:: TASK INSTRUCTIONS ::
In the records below, reproduce exactly the lines from the one containing "Министр обороны Израиля" through the one containing "正是在这样的时代背景下,阙明", both included, and omit the pictures.

:: INFORMATION GIVEN ::
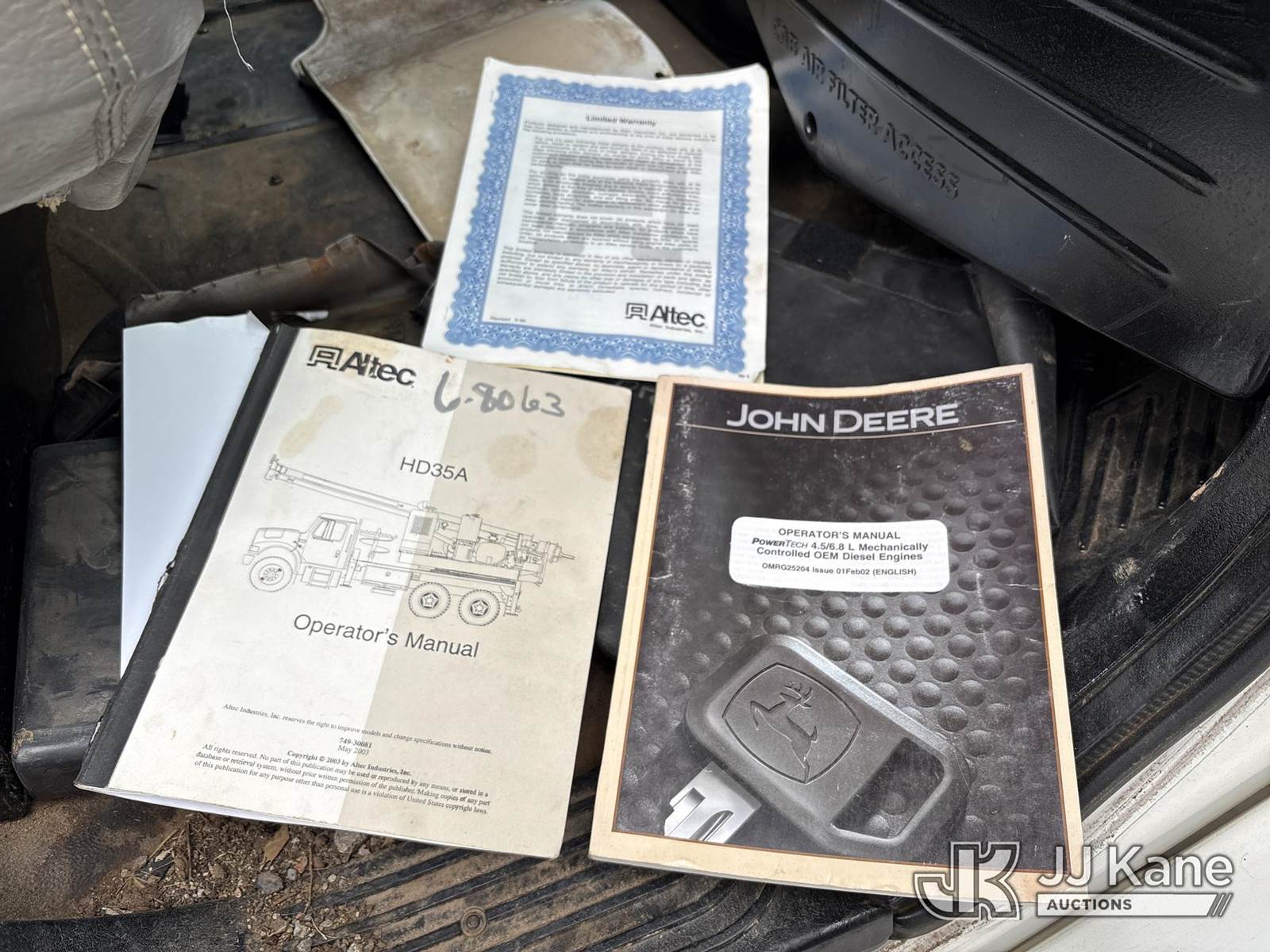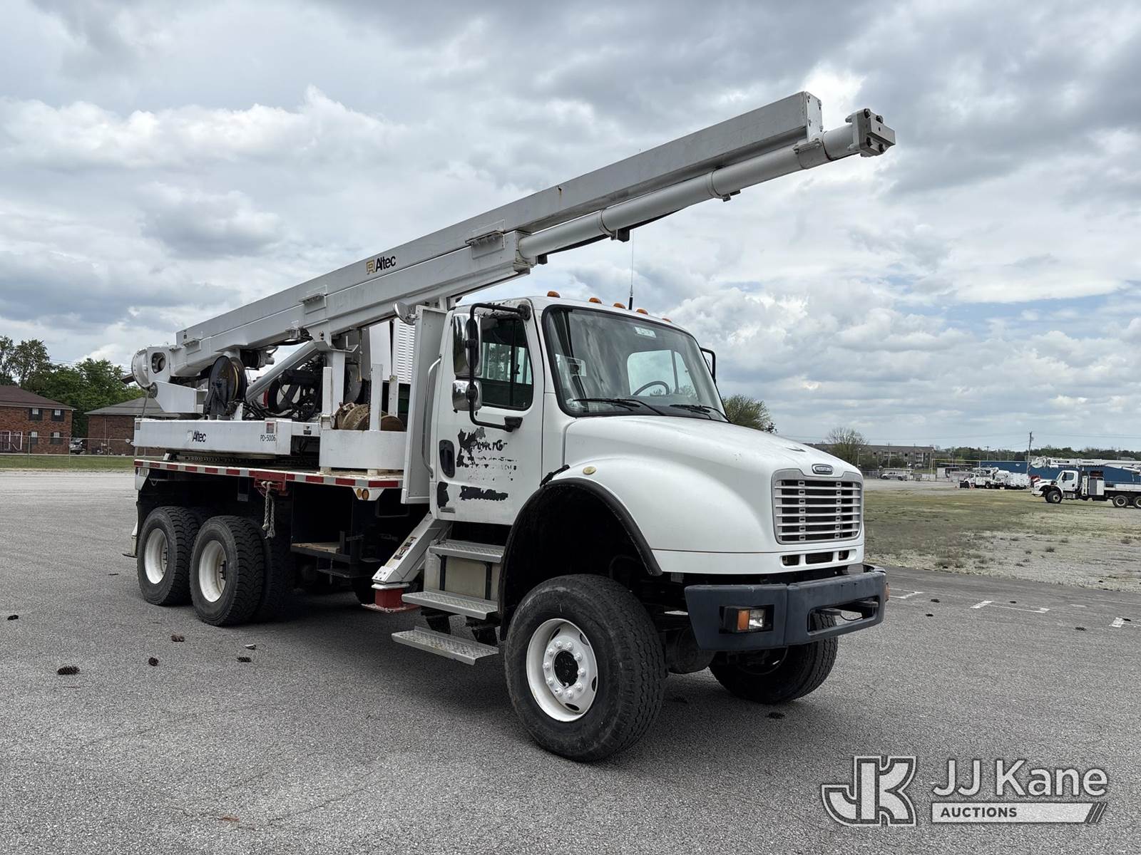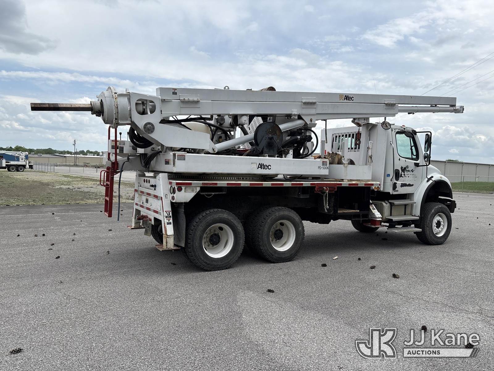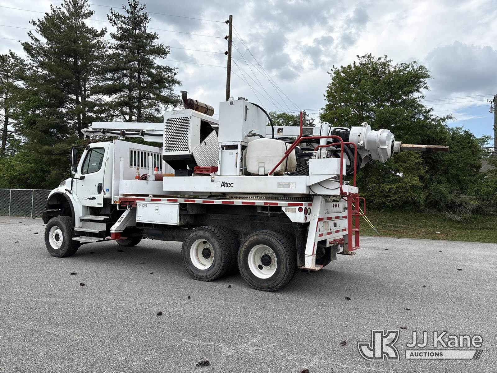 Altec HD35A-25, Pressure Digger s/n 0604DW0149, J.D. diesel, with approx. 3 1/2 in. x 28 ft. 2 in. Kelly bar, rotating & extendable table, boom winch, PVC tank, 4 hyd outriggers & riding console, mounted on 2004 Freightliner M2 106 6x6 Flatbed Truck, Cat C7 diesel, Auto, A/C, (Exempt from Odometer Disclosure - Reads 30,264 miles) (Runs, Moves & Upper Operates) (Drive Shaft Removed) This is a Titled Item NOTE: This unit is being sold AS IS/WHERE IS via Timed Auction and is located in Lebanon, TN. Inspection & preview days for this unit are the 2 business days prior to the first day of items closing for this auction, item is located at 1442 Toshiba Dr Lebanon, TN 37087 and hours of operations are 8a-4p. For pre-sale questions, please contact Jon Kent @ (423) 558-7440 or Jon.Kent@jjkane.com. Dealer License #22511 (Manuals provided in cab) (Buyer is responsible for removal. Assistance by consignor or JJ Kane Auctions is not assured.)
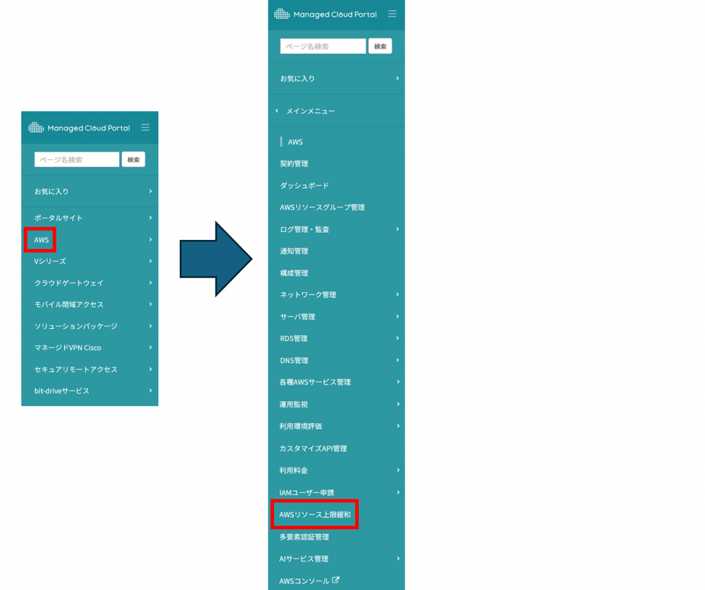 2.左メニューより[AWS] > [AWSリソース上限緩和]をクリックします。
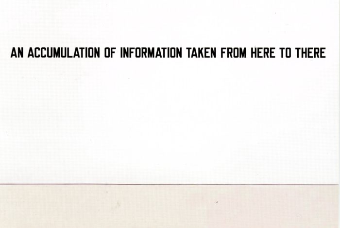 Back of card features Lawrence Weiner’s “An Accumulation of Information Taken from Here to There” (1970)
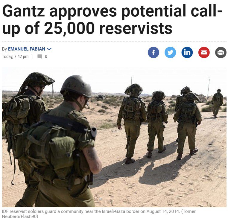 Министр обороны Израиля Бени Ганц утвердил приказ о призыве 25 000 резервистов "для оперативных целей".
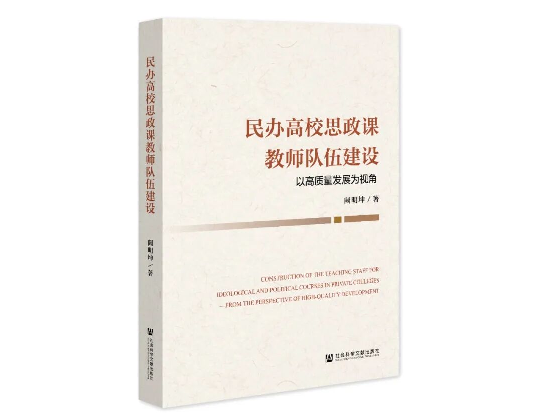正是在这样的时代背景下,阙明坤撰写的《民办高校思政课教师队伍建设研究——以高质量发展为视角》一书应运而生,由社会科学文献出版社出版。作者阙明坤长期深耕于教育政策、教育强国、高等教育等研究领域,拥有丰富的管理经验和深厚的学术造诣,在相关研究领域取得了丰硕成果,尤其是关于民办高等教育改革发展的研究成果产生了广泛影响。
--
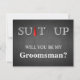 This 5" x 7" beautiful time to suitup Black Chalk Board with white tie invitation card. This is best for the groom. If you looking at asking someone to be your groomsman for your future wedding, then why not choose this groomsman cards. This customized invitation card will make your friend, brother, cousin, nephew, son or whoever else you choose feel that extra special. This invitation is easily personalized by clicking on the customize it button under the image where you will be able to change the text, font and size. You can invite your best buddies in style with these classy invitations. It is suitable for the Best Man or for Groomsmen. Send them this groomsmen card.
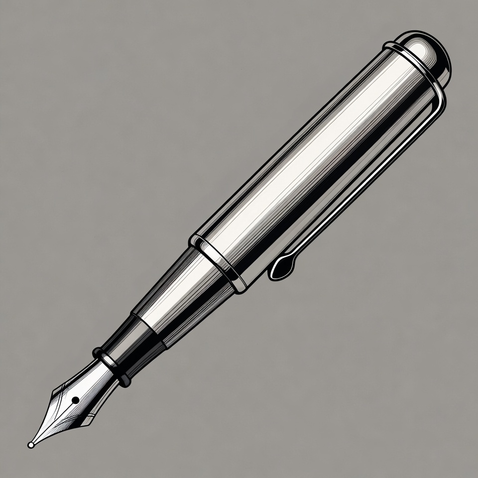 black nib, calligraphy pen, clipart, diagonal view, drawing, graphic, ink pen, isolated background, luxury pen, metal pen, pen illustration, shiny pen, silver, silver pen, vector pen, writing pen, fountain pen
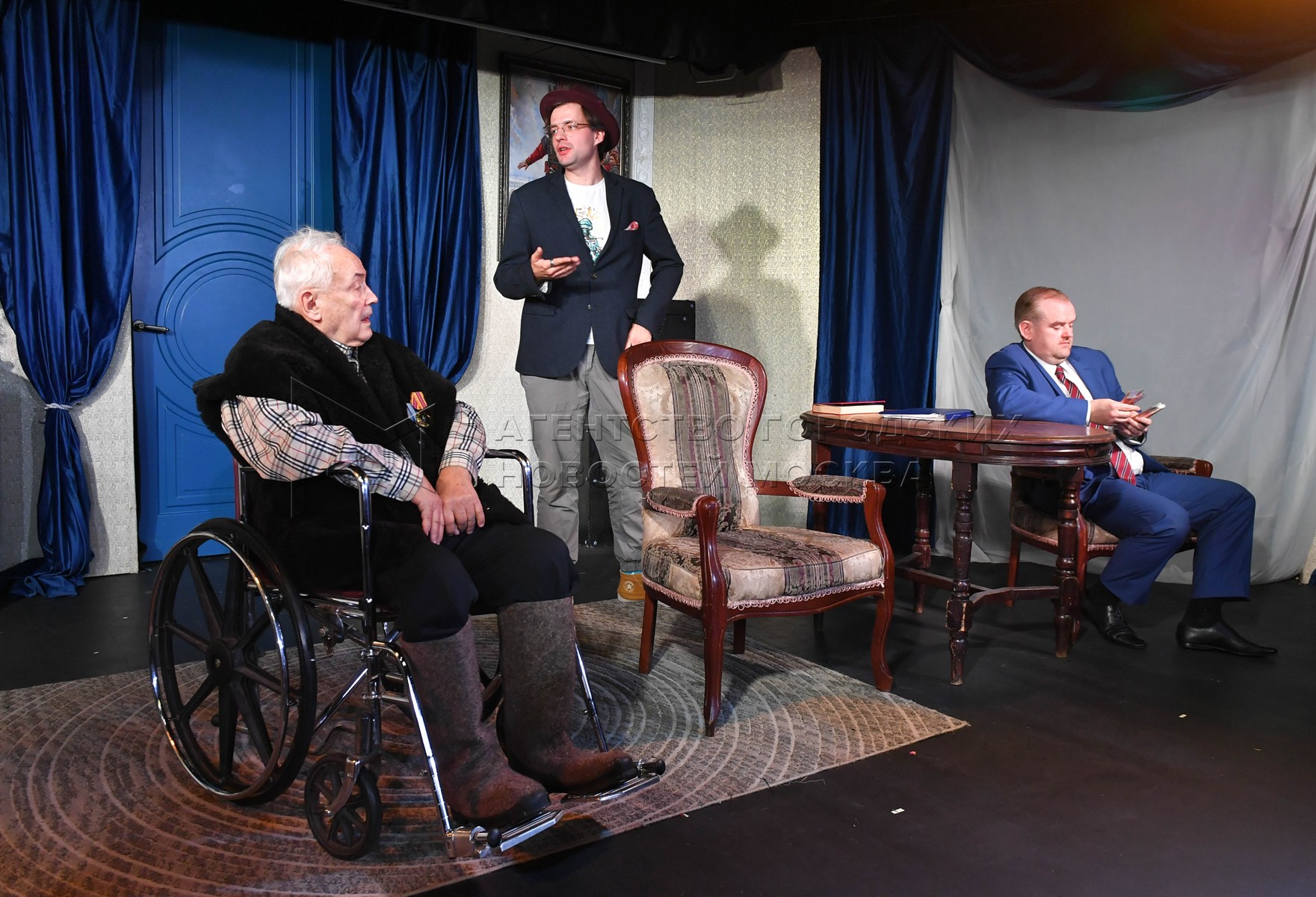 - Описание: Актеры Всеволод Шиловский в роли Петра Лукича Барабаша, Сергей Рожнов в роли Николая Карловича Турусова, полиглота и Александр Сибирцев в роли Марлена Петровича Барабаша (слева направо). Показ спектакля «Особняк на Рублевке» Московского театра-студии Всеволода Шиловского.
* * *
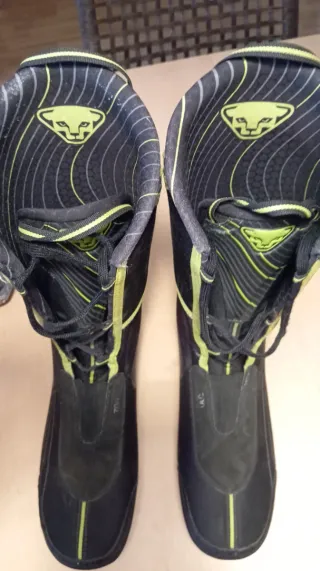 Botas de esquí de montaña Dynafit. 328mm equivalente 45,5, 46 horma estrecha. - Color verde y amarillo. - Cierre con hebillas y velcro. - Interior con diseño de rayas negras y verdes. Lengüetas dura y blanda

:: SOLVED EXERCISE ::
 Министр обороны Израиля Бени Ганц утвердил приказ о призыве 25 000 резервистов "для оперативных целей".
正是在这样的时代背景下,阙明坤撰写的《民办高校思政课教师队伍建设研究——以高质量发展为视角》一书应运而生,由社会科学文献出版社出版。作者阙明坤长期深耕于教育政策、教育强国、高等教育等研究领域,拥有丰富的管理经验和深厚的学术造诣,在相关研究领域取得了丰硕成果,尤其是关于民办高等教育改革发展的研究成果产生了广泛影响。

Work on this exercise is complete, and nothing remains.